First of all, you need to confirm which stage the currency pair you are trading is in, such as whether the bottom of the accumulation is rising and the top of the distribution is falling.
Also, you can analyze previous price action for more clues.
There is another way to determine the stage of the price cycle, and that is to identify the springboard effect. Also, chart patterns can help identify accumulation and distribution. Underlying price action patterns can help you identify rising or falling transitions.
When the price action breaks out of the expected trend range, you can enter the market for real trading.
For example, you can go long when price breaks out of a flat range into an up phase, as opposed to short when price action breaks out of lower support levels during a distribution phase.
At the same time, you should also pay close attention to the trading volume to see if there is a springboard effect.
2
stop loss
As we all know, foreign exchange trading is full of uncertainties, so setting a stop loss is essential.
If you are short during the up phase: then your stop loss order should be below the bottom of the accumulation phase.
If you are short during the down phase: then your stop loss order should be above the highest point of the distribution phase.
3
take profit
You can use price action analysis to set a take profit.
One way to do this: A sign of a price transition from a rise to a distribution is when tops on the chart start to fall.

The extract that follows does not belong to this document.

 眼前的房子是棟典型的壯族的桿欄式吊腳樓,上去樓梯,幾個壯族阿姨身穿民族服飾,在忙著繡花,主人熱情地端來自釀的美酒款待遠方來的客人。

This phenomenon also means that short selling may occur.
Another exit sign: A bearish springboard occurs when price action enters the late stages of distribution.
The third way to set a stop profit is to pay close attention to the development trend of the chart pattern and candle chart. The reversal pattern may be a signal of price adjustment or change.

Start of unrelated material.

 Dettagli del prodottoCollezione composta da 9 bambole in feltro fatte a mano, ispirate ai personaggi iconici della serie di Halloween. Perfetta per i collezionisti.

In foreign exchange trading, Wyckoff price cycle analysis and price action analysis are indispensable. That said, price action analysis is a great tool to help investors initiate and manage trades within Wyckoff price cycles.
Source: Internet, the published content is for reference only, does not constitute any investment advice and sales offer, and does not involve any commercial cooperation. The copyright belongs to the original author or organization. Some articles were not contacted with the original author when they were pushed. If copyright issues are involved, please contact us through the background to delete them in time.
I hope this article can make foreign exchange traders get out of the confusion when they are in confusion. Old rules, if you haven't understood it, please bookmark it first! Welcome to leave a message to communicate with the editor!